# Nail Biting



## Chico's Mama (May 22, 2005)

Do Chi's bite their own nails? I keep Chico's nails trimmed, but lately he has been chewing on/biting his back nails. I've never seen any of my other dogs do this, but then again, they weren't Chi's...Chi's are in their own little worlds...lol.  Also, Chico had these little, um, I don't wanna say scabs, because they're not, they just feel like scabs, but they are white, things on the very very tips on the inside of his ears, what could they be? He's not due to go to the vet until August, but if they are something to be worried about, I will take him ASAP.


----------



## NoahFL (May 14, 2004)

Since we moved up to Virginia, Zeus has begun chewing his back nails. His skin isn't red, so it's not allergy related (I don't think). I keep his nails trimmed, but have no clue why he's doing this.


----------



## luv4mygirls (Feb 20, 2005)

my pit bull used to bite his nails all the time! i couldn't cut them but i could take my nail file and file them for him.


----------



## PeanutButter (Feb 16, 2005)

I have cut Peanut's nails before but its kind of hard.
My Fiance doesnt cut his labrador's nails but since he goes for his walks on concrete before he decides to "do his business" on the grass they usually file on their own.
I dont think that works as well for Peanuts but for the few seconds that he walks across the street his nails do get a bit shorter (significantly) :lol:


----------



## MYCHIBABY (Apr 26, 2005)

That's funny that you ask that about biting/chewing on nails. My Taco does that too. Just his back nails. It seems like he does it when it's about time for them to be cut, and stops for a while right after I cut them.

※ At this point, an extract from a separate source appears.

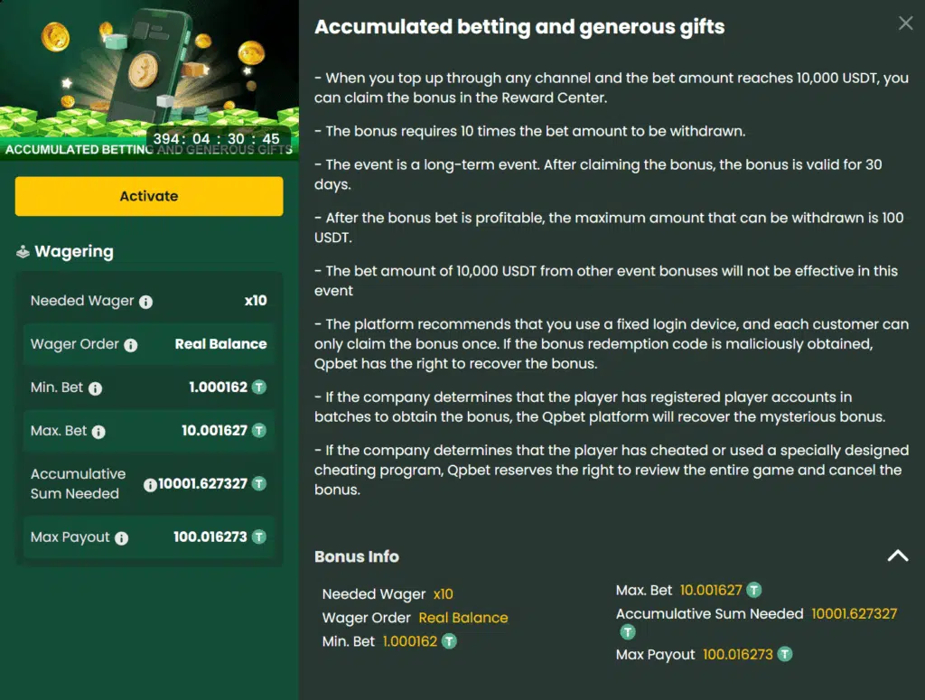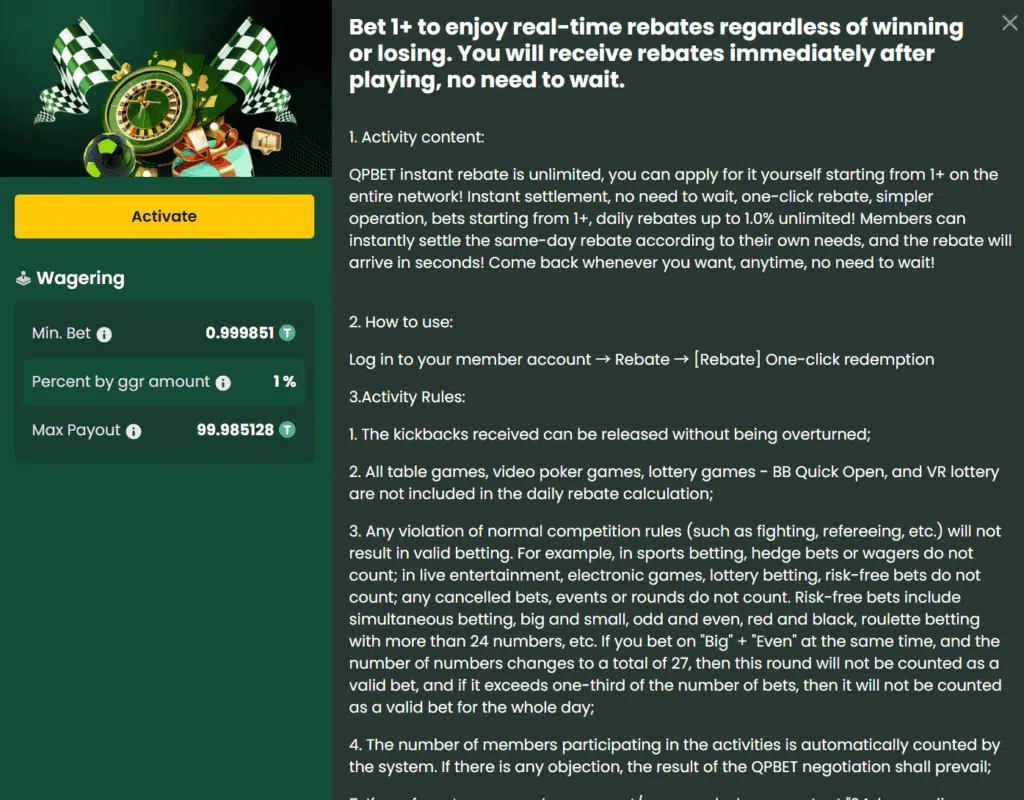 In order to thank every player for participating, QPBET has established a systematic reward mechanism, including novice gift packages, recharge rewards, continuous rebates, event bonuses and loyalty programs. When new users register and recharge for the first time, they can get a 100% first deposit doubling bonus, which will help you double your starting capital and explore more game content. Regardless of the recharge amount, you can get corresponding rewards to maximize the efficiency of fund utilization.

Maybe they're too long and it bothers them????


----------



## Gadget's Mom (Jan 14, 2005)

Gadget has been biting and chewing on his back feet since he was 3 weeks old... there is never anything there that makes me think there is something wrong .. he just likes them.. Mark calls them his chicken wings... because it looks like he is chewing on chicken wings.. hehehe he is really cute when he does this...


----------



## chimom (Apr 1, 2005)

Jasmine doesn't chew on her nails, but my previous chi, Tia, did. Even though we trimmed them, she still chewed on them. I think it's a sort of habit, kind of like some people bite their nails.


----------



## Chico's Mama (May 22, 2005)

Chico only chews on his back, right nails. I think its time to get a trim anyways.


----------



## janiebabes (Mar 30, 2004)

All three of mine do and i keep them trimmed


----------



## loubie1736 (May 23, 2005)

My Lola bites on her back toes and nails too!! She always has done from 7 wks old!! And we say she's chewing on her chicken wings too just like Gadget's mom, coz she kinda sucks them too!! :lol: 

I don't think there's anything wrong with her at all.... I thought she just likes it and its her way of cleaning her toe nails like having a manicure!!


----------



## xx-nathalie-xx (Jan 10, 2005)

i never saw one of mine do that ....must look funny  

kisses nat


----------



## nabi (Nov 25, 2004)

Bella chews her back nails and my mother's chi did also. Their nails are trimmed..........so I think they just like to do it LOL


----------